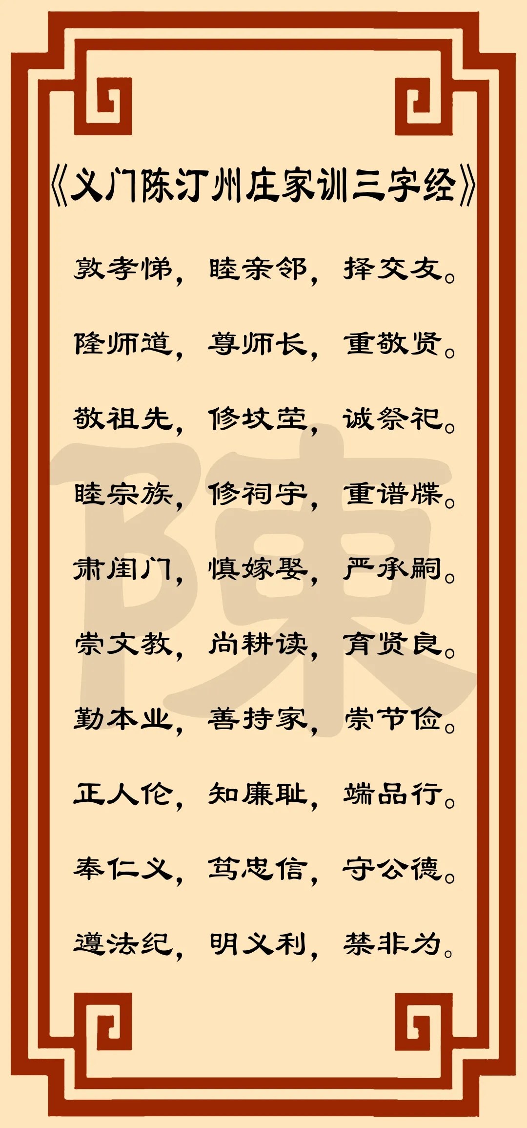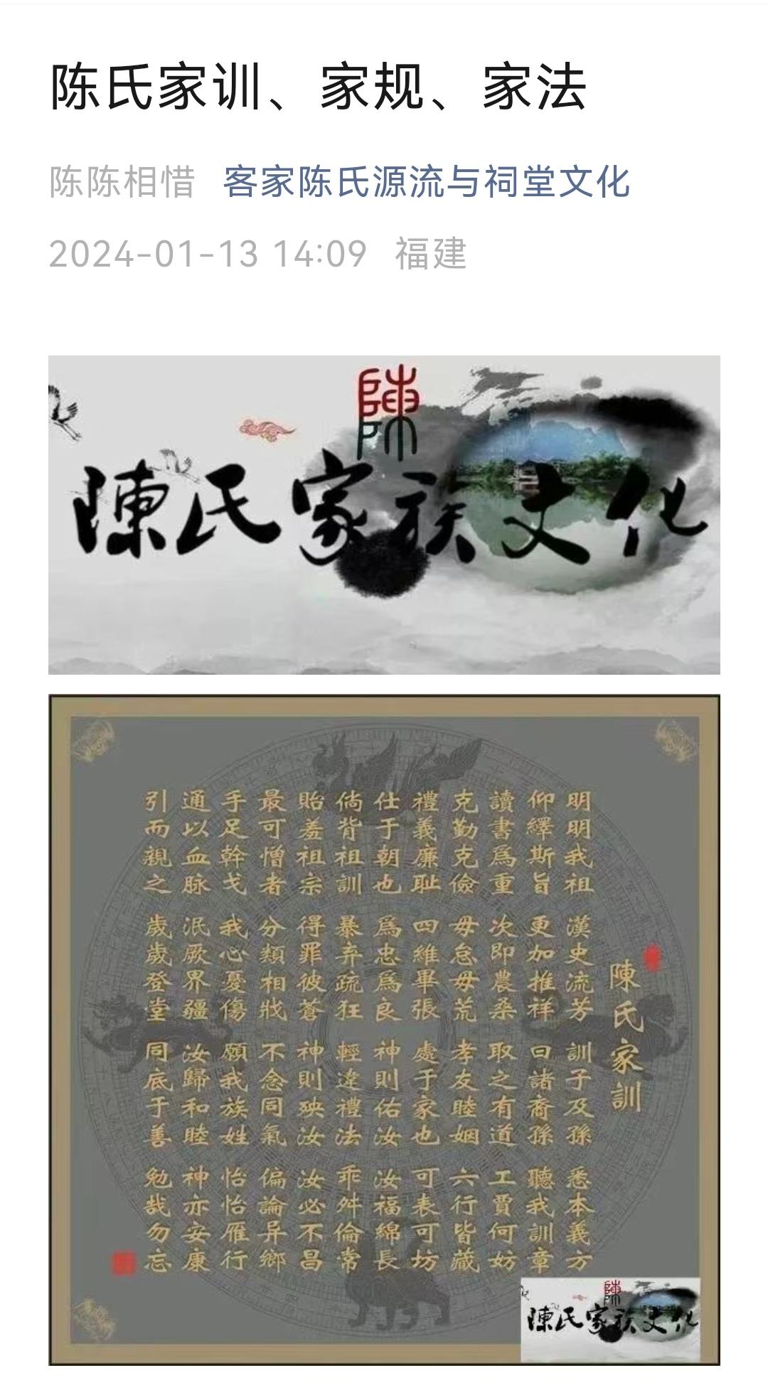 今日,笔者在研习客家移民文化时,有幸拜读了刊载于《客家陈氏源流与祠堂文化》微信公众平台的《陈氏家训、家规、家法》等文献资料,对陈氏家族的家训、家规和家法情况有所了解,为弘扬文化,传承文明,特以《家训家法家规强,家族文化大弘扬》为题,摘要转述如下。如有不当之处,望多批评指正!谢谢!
────────────────────
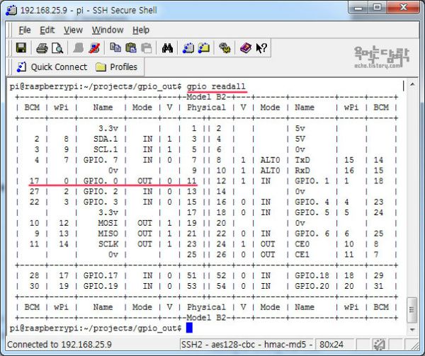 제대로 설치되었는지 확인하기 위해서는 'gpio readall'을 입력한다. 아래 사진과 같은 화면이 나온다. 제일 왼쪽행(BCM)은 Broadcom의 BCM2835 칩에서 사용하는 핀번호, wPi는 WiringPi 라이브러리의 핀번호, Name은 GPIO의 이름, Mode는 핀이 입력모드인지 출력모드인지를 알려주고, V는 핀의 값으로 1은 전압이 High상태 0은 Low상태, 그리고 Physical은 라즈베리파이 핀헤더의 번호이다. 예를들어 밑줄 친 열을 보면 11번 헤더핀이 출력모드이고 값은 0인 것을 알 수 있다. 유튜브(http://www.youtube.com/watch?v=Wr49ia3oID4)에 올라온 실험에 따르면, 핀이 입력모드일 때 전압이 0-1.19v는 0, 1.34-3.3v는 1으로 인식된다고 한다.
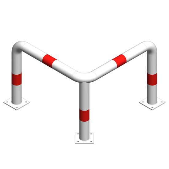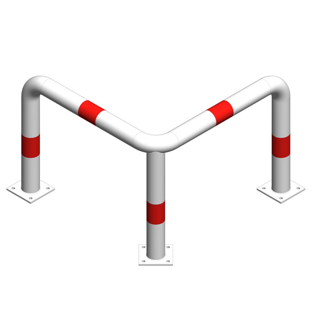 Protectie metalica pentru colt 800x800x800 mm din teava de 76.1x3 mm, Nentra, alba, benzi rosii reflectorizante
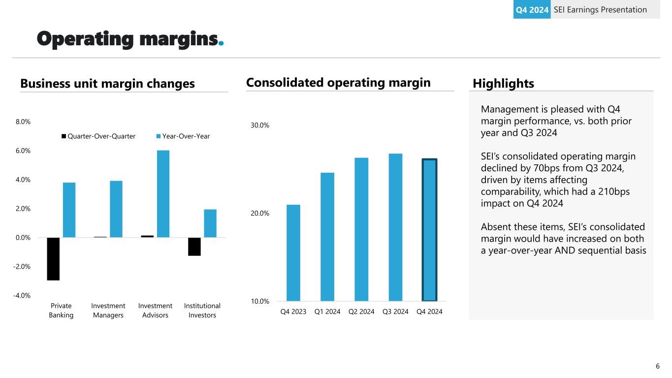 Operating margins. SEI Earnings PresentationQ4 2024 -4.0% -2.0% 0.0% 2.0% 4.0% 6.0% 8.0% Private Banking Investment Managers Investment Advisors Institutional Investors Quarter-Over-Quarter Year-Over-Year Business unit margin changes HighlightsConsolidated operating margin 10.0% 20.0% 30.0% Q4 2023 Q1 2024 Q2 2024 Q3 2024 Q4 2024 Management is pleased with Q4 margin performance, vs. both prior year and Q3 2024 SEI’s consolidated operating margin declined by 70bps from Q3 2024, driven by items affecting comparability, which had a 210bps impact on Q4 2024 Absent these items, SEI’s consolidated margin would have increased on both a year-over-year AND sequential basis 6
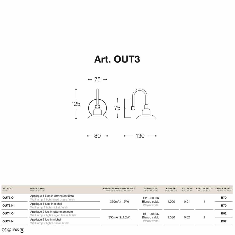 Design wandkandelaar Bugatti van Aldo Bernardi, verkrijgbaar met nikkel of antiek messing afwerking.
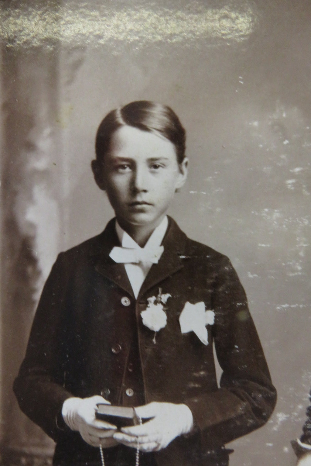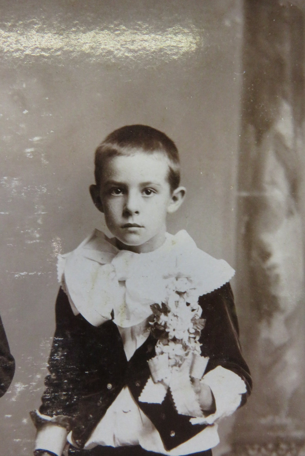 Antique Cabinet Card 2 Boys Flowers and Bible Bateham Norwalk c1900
────────────────────
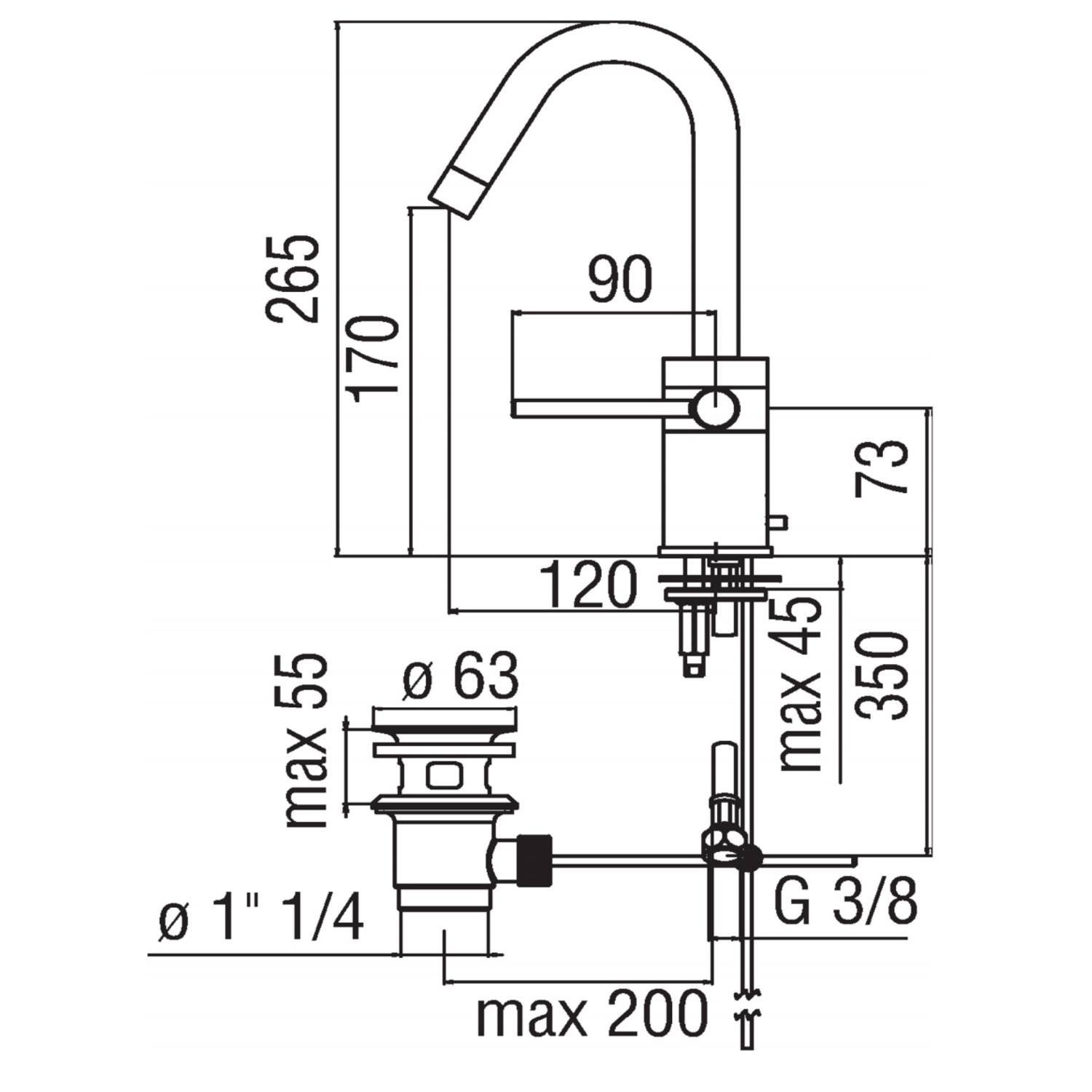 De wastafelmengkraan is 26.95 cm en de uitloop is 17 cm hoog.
────────────────────
### WHAT NEEDS TO BE DONE
Go back to the listing above and write out the lines starting at the one with "Protectie metalica pentru" and ending at the one with "Antique Cabinet Card", inclusive, exactly and without pictures.

### SOLUTION
 Protectie metalica pentru colt 800x800x800 mm din teava de 76.1x3 mm, Nentra, alba, benzi rosii reflectorizante
 Operating margins. SEI Earnings PresentationQ4 2024 -4.0% -2.0% 0.0% 2.0% 4.0% 6.0% 8.0% Private Banking Investment Managers Investment Advisors Institutional Investors Quarter-Over-Quarter Year-Over-Year Business unit margin changes HighlightsConsolidated operating margin 10.0% 20.0% 30.0% Q4 2023 Q1 2024 Q2 2024 Q3 2024 Q4 2024 Management is pleased with Q4 margin performance, vs. both prior year and Q3 2024 SEI’s consolidated operating margin declined by 70bps from Q3 2024, driven by items affecting comparability, which had a 210bps impact on Q4 2024 Absent these items, SEI’s consolidated margin would have increased on both a year-over-year AND sequential basis 6
 Design wandkandelaar Bugatti van Aldo Bernardi, verkrijgbaar met nikkel of antiek messing afwerking.
 Antique Cabinet Card 2 Boys Flowers and Bible Bateham Norwalk c1900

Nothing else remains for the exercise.